Source : Prima-News, 16 novembre 2004
12/10/04 - Ilgar Ibrahimoglu Allahverdiev a nouveau empêché
de voyager
Pour la deuxième fois en moins d'un mois, Ilgar Ibrahimoglu Allahverdiev,
le jeune imam de la mosquée Juma de Bakou, a été
empêché le 6 octobre de se rendre à l'étranger.

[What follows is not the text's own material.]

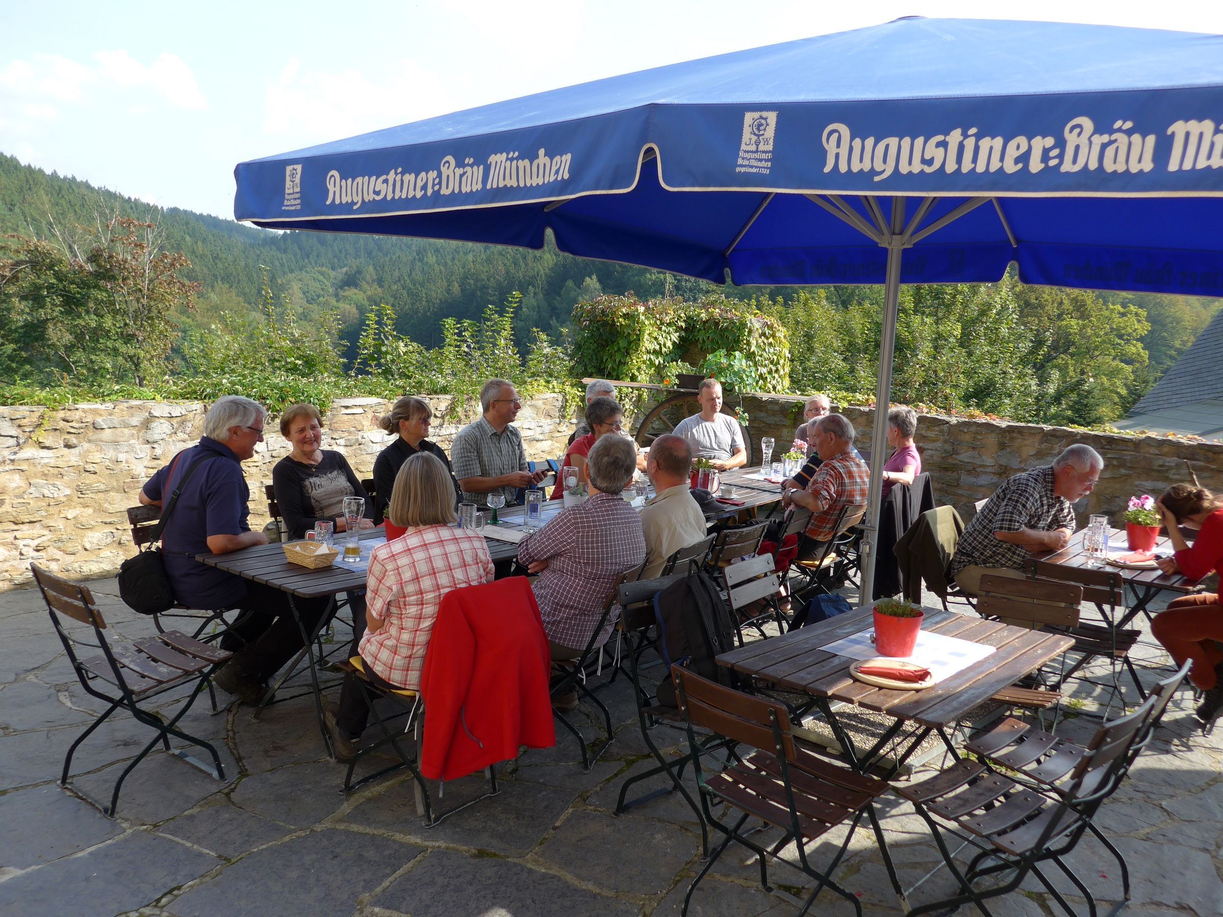 Sie wurde um 1250 im Zuge der Besiedlung des Erzgebirges von den Herren von Waldenburg erbaut, nachdem dort Silbererze entdeckt wurden. Nach einer sehr wechselvollen Geschichte, vor allem im 20.Jahrhundert, ist sie heute im Besitz der Sächsischen Schlösserverwaltung und beherbergt ein Weihnachts- und Spielzeugmuseum, Schauwerkstätten und eine gemütliche Burgschenke. Auf der sonnigen Aussichtsterrasse waren zu unserer großen Überraschung blaue Sonnenschirme aufgespannt, mit der Aufschrift „Augustiner Bräu München“. Die Erklärung dafür fanden wir auch gleich an hervor gehobener Stelle in der Speisekarte.
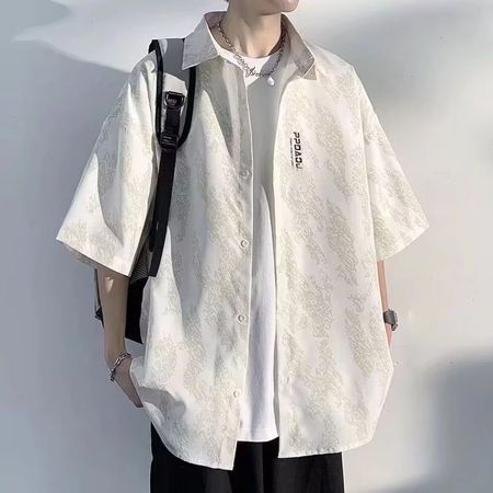 High-Grade Drape Ice Silk Shirt Men's Short-Sleeved Loose Shirt

Cette fois-ci il s'agissait pour lui de participer à une conférence
de l'OSCE sur la liberté religieuse à Varsovie. Les autorités
azeries ne tenant pas à ce qu'il dénonce devant un auditoire
international les atteintes à la liberté religieuse en
Azerbäidjan, eles ont donc recouru aux bonnes vieilles méthodes
de l'époque soviétique. Allahverdiev dirige la mosquée
millénaire Juma de Bakou, fermée par le gouvernement depuis
le mois de juin.
Source : www.forum18.org
17/09/04
- Ilgar Ibrahimoglu empêché de voyager
Le 12 septembre, l’imam de la mosquée Juma de Bakou - fermée
par les autorités -, Ilgar Ibrahimoglu Allahverdiev
a été empêché de se rendre à Bruxelles
pour y participer à une conférence de l’OSCE sur
le raisme et la discrimination. Aucune raison officielle n’a été
donnée à ce refoulement, intervenu au dernier moment,
alors que l’imam avait déjà enregistré son
embarquement sur un vol de la Lufthansa et avait passé le contrôle
de douane.
Source : www.forum18.org, 16 septembre 2004
18/08/04
-Pour une poignée de manats
Une anecdote illustre une fois de plus les drôles de méthodes
de l la justice azéri. Cela se passe à Bakou, à
l'occasion du procès des dirigeants d'opposition accusés
d'avoir organisés des "émeutes" en octobre dernier
pour protester contre l'élection frauduleuse d'Aliev fils. Le
témoin Nahid Mamedov a rétracté son témoignage
devant le tribunal le 12 août, déclarant qu'il avait été
battu et avait eu des dents brisées, ajoutant qu'on lui avait
refusé toute assistance médicale. Comble de l'affaire
: le matin du 12 août, avant sa comparution, Mamedov a été
conduit au bureau du procureur général, où on lui
a proposé la somme de 90 000 manats (15 Euro !) pour qu'il répète
son témoignage à la barre, ce qu'il a refusé.